UNITED STATES
SECURITIES AND EXCHANGE COMMISSION
WASHINGTON, DC 20549
FORM 8-K
CURRENT REPORT
Pursuant to Section 13 or 15(d)
of the Securities Exchange Act of 1934
Date of Report (Date of earliest event reported): February 24, 2015
Jason Industries, Inc.
(Exact name of registrant as specified in its charter)
Delaware | 001-36051 | 46-2888322 | ||
(State or other jurisdiction | (Commission | (IRS Employer | ||
of incorporation) | File Number) | Identification No.) |
411 East Wisconsin Avenue, Suite 2100
Milwaukee, Wisconsin 53202
(Address of Principal executive offices, including Zip Code)
(414) 277-9300
(Registrant’s telephone number, including area code)
(Former Name or Former Address, if Changed Since Last Report)
Check the appropriate box below if the Form 8-K filing is intended to simultaneously satisfy the filing obligation of the registrant under any of the following provisions:
¨ Written communications pursuant to Rule 425 under the Securities Act (17 CFR 230.425)
¨ Soliciting material pursuant to Rule 14a-12 under the Exchange Act (17 CFR 240.14a-12)
¨ | Pre-commencement communications pursuant to Rule 14d-2(b) under the Exchange Act (17 CFR 240.14d-2(b)) |
¨ | Pre-commencement communications pursuant to Rule 13e-4(c) under the Exchange Act (17 CFR 240.13e-4(c)) |
Item 2.02 Results of Operations and Financial Condition.
On February 24, 2015, Jason Industries, Inc. (the “Company”) issued a press release (the “Press Release”) announcing the Company’s financial results for its fourth quarter and full year ended December 31, 2014. A copy of the Press Release is being furnished as Exhibit 99.1 to this Current Report.
The information in this Current Report, including the Press Release, being furnished pursuant to Item 2.02 of Form 8-K and Item 7.01 of Form 8-K shall not be deemed “filed” for purposes of Section 18 of the Securities Exchange Act of 1934, as amended, or otherwise subject to the liabilities of that section, nor shall it be deemed incorporated by reference in any filing under the Securities Act of 1933, as amended.

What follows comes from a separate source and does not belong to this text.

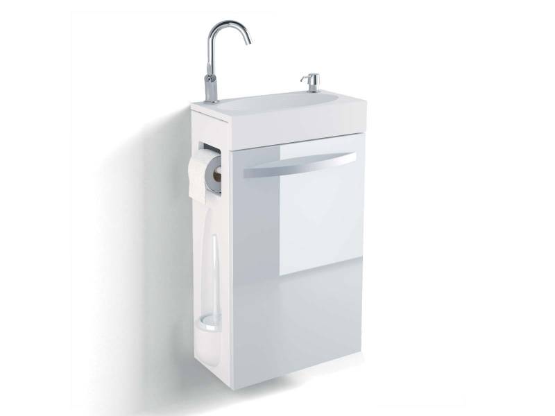 44 cm et de profondeur 26,4 cm, il est livré avec un distributeur de savon intégré ainsi qu'une tablette intérieur.
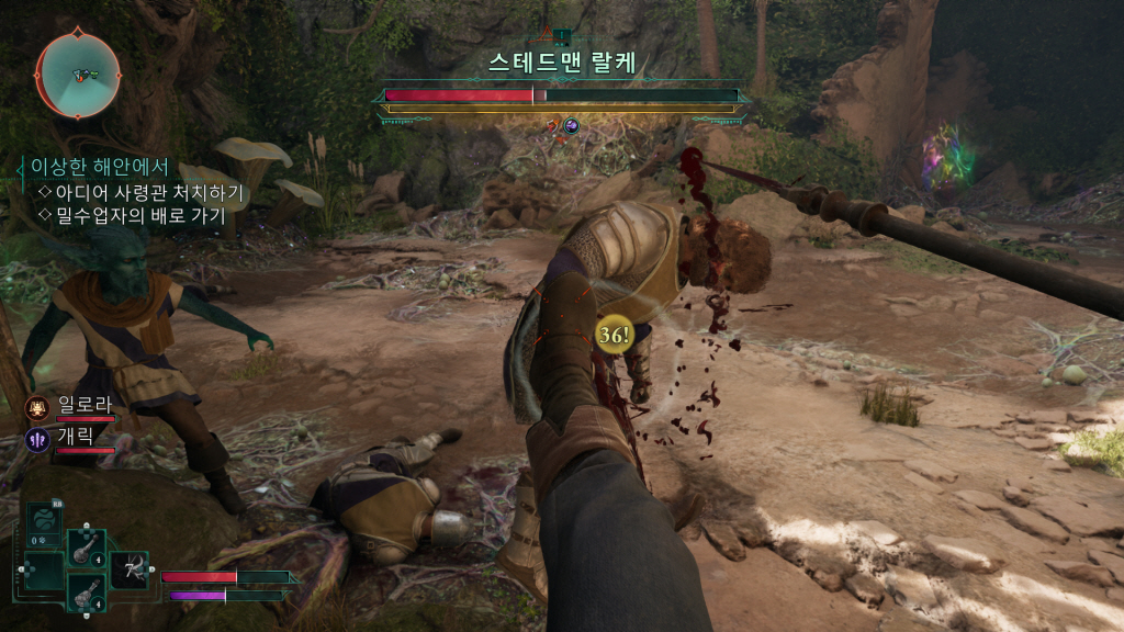 게임진행은 혼자가 아닌 동료 2명과 파티를 해서 진행되며 1인칭과 3인칭 2가지 시점을 제공하고 있다. 개인적으로 3인칭을 선호하는데 문제는 3인칭의 모션이 상당히 어색하다. 개인적으로 게임을 재미있게 즐기고 있기에 어색한 모션이 큰 아쉬움으로 다가온다.

Item 7.01 Regulation FD Disclosure.
The information set forth under Item 2.02 of this Current Report is incorporated herein by reference. In the Press Release, the Company issued its Fiscal 2015 Revenue and Adjusted EBITDA outlook.
Item 8.01 Other Events.
In the Press Release, the Company also announced that its Board of Directors (the "Board")approved a new warrant repurchase program (the "Repurchase Program"). The Repurchase Program authorizes management to repurchase in the aggregate up to $5 million of the outstanding warrants to purchase the Company's common stock. Repurchases may be made by the Company from time to time in open-market or privately-negotiated transactions as permitted by securities laws and other legal requirements, and subject to market conditions and other factors. The Repurchase Program does not obligate the Company to make repurchases at any specific time or situation. The Repurchase Program does not have an expiration date and may be amended or terminated by the Board at any time without prior notice. The press release announcing the Repurchase Program is attached hereto as Exhibit 99.1.
Item 9.01 Financial Statements and Exhibits.
(d) Exhibits. The following exhibit is being furnished herewith:
Exhibit No. Description
99.1 Press Release dated February 24, 2015.
1
SIGNATURES
Pursuant to the requirements of the Securities Exchange Act of 1934, the registrant has duly caused this report to be signed on its behalf by the undersigned hereunto duly authorized.
JASON INDUSTRIES, INC.
By: /s/ Stephen L. Cripe
Name: Stephen L. Cripe
Title: Chief Financial Officer
Date: February 24, 2015
EXHIBIT INDEX
Exhibit No. Description
99.1 Press Release dated February 24, 2015.